Your instructions
Return the stretch from the line with "Petunia ‘White Double" through the line with "Users remain in" in the data below, character for character, skipping all pictures.

Data for review
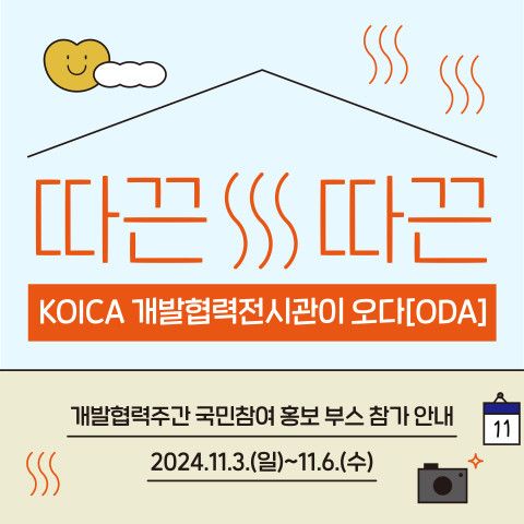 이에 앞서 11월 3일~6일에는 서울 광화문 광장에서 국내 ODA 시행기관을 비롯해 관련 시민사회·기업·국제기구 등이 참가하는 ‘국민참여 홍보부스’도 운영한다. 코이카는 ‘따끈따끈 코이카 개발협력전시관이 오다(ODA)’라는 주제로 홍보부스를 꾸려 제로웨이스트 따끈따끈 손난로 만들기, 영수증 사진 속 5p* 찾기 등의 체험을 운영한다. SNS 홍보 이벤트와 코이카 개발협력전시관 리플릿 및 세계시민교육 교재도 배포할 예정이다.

* * *

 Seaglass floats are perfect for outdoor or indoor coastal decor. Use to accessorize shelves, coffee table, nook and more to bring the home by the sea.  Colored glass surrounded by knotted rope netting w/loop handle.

...

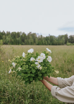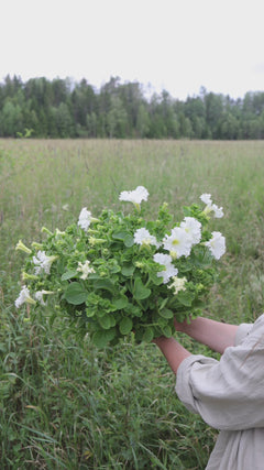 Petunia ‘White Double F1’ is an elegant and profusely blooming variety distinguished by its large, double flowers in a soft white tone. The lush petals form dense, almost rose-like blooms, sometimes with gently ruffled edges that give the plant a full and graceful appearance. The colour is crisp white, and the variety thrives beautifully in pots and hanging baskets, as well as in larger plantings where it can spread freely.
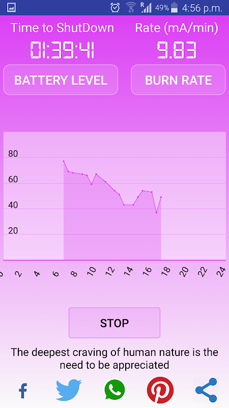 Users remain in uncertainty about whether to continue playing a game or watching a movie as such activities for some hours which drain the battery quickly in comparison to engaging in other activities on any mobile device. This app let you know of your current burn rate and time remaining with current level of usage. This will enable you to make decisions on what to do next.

Your response
 Petunia ‘White Double F1’ is an elegant and profusely blooming variety distinguished by its large, double flowers in a soft white tone. The lush petals form dense, almost rose-like blooms, sometimes with gently ruffled edges that give the plant a full and graceful appearance. The colour is crisp white, and the variety thrives beautifully in pots and hanging baskets, as well as in larger plantings where it can spread freely.
 Users remain in uncertainty about whether to continue playing a game or watching a movie as such activities for some hours which drain the battery quickly in comparison to engaging in other activities on any mobile device. This app let you know of your current burn rate and time remaining with current level of usage. This will enable you to make decisions on what to do next.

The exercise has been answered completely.